(Dataset excerpts)
● ● ● ● ● ● ●

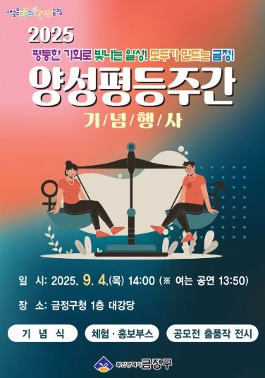 [경남도민뉴스=신석주 기자] 부산시 금정구는 오는 9월 4일 금정구청 1층 대강당에서 2025년 양성평등주간(9.1.~9.7.)을 맞아 양성평등 문화 확산과 인식제고를 위해 구민과 함께하는 기념행사를 개최한다고 밝혔다.
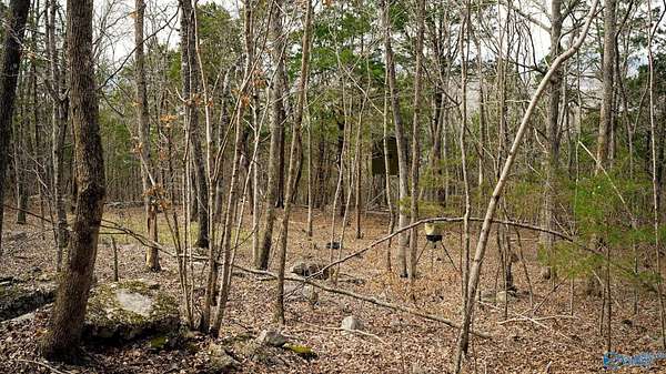 This 20.5+/- acre tract on the west slope of Sand Mountain sits 4 miles from Stevenson via a private gated road off County Road 491 and 1.5 miles from the Captain John Snodgrass Bridge. Located on the southeast side of the Tennessee River, it features hardwoods and cedars, strong wildlife habitat, natural rock formations, and mostly sloped terrain with usable benches. Blinds, stands, and feeders are in place, making it turnkey for turkey hunting this spring or deer hunting in the fall. This tract offers both recreational enjoyment and long-term investment potential in a highly desirable mountain setting. Not suitable for building.
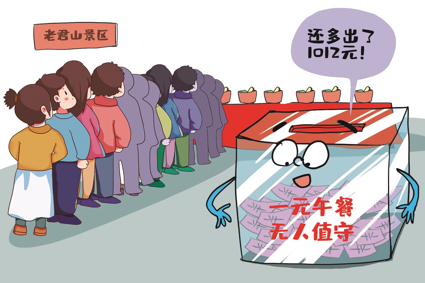虽然说老君山景区给游客提供的餐食,都是比较简单的面食、小菜和水果,算不上什么大餐,但是1元钱保证吃饱,也是买不了吃亏买不了上当。在无人值守的情况下,饭钱一分没少,反倒还多出1012元,说明有不少游客认为这午餐超值,愿意给景区多一点回馈,让他们把这个活动坚持办下去,惠及更多游客。这是一种可贵的信任,也是一份温暖的善意。景区为游客想得周到,游客也让景区感受到支持,这样的双向奔赴,无疑是长假文旅市场中令人欣慰和感动的一幕风景。
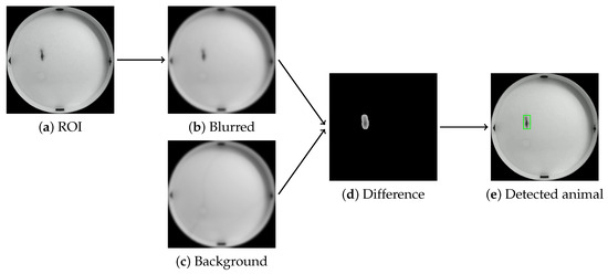 The process of detecting the animal in the image of the pool: (a) extracted ROI, (b) Gaussian blurred image, (c) precalculated comparing background, (d) differing image parts and (e) successfully detected animal.
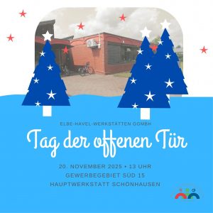 Am 20.11.2025 ab 13 Uhr öffnete die Hauptwerkstatt in Schönhausen ihre Türen. In vorweihnachtlichem Ambiente konnten die Besucher und die Angehörigen unserer Werkstattbeschäftigten eine Vielzahl
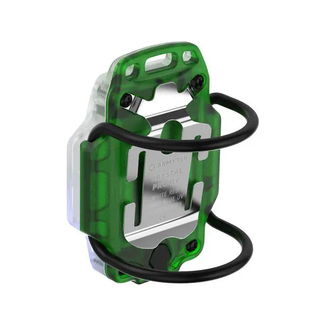 Crystal Pro UV can be used as a headlamp, attached to a belt or clothes, including specialized uniforms, carried on a strap or with keys. The model is also mounted on sporting gear using silicone rings. Body material and special arrangement of LEDs provide wide beam angle of 180°, optimal for close-range application.
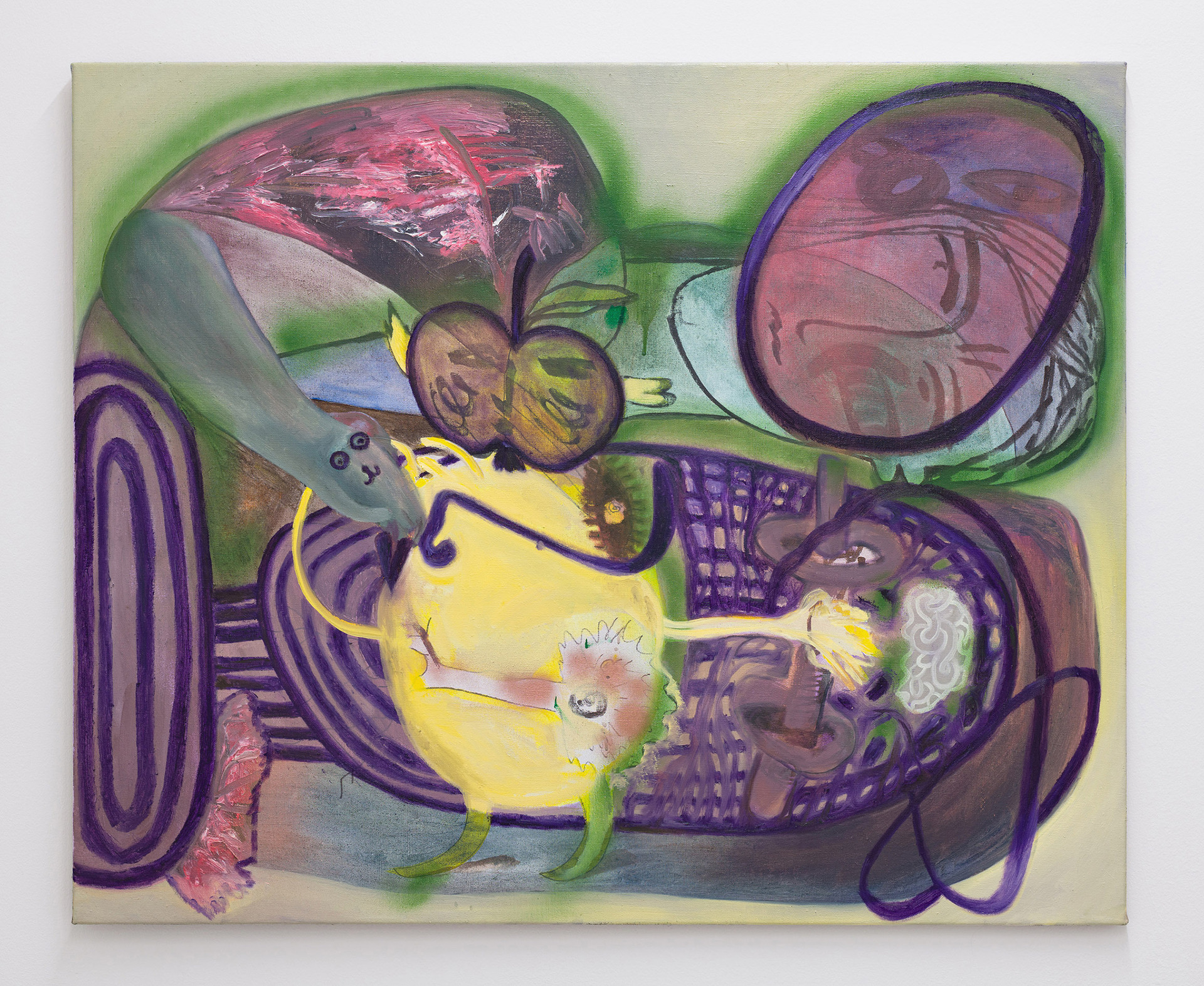 KH: Oh yes, we always fancied exploding them with our fingers as children, and still up to now. I imagined it would be an actual cucumber which is exploding when it's 'grown up'. I have to paint that. Also, when I think about your paintings, it's not so much that they are exploding, but continuously spritzing (not actually true, it's more splashing and flowing, but I like the relation to the German word), like an endless application of colour that doesn’t stop from one painting to the other, but just changes. And even though you would often say 'no' and sometimes say 'yes', for me it's so important to see the whole action. Maybe for me, it's a bit like the contrast to that, it's more 'stop and go'. Although I can totally relate to what you said about each painting being the answer to the last one. VP: Do you mean like 'stop and go' and move to the next one? Kiss-and-ride! I see it in your small-format paintings on cardboard. They are more like vessels and more pronounced as portraits or still lifes, for example. Large-format paintings are multi-functional in a way: a still life is not only a still life but also a portrait and a landscape. What was the difference in the process? [caption id="attachment_72271" align="alignnone" width="660"] Katharina Höglinger, On a Plate, 2020, oil on cardboard, 27 × 36 cm, © WONNERTH DEJACO and the artist 2020, photo: Peter Mochi[/caption]

● ● ● ● ● ● ●

▸ **TO DO**: Look above for the line containing "虽然说老君山景区给游客提供的", then copy exactly from it through the line containing "Am 20.11.2025 ab", keeping both and leaving out pictures. Add nothing else.

▸ **ANSWER SECTION**:
虽然说老君山景区给游客提供的餐食,都是比较简单的面食、小菜和水果,算不上什么大餐,但是1元钱保证吃饱,也是买不了吃亏买不了上当。在无人值守的情况下,饭钱一分没少,反倒还多出1012元,说明有不少游客认为这午餐超值,愿意给景区多一点回馈,让他们把这个活动坚持办下去,惠及更多游客。这是一种可贵的信任,也是一份温暖的善意。景区为游客想得周到,游客也让景区感受到支持,这样的双向奔赴,无疑是长假文旅市场中令人欣慰和感动的一幕风景。
 The process of detecting the animal in the image of the pool: (a) extracted ROI, (b) Gaussian blurred image, (c) precalculated comparing background, (d) differing image parts and (e) successfully detected animal.
 Am 20.11.2025 ab 13 Uhr öffnete die Hauptwerkstatt in Schönhausen ihre Türen. In vorweihnachtlichem Ambiente konnten die Besucher und die Angehörigen unserer Werkstattbeschäftigten eine Vielzahl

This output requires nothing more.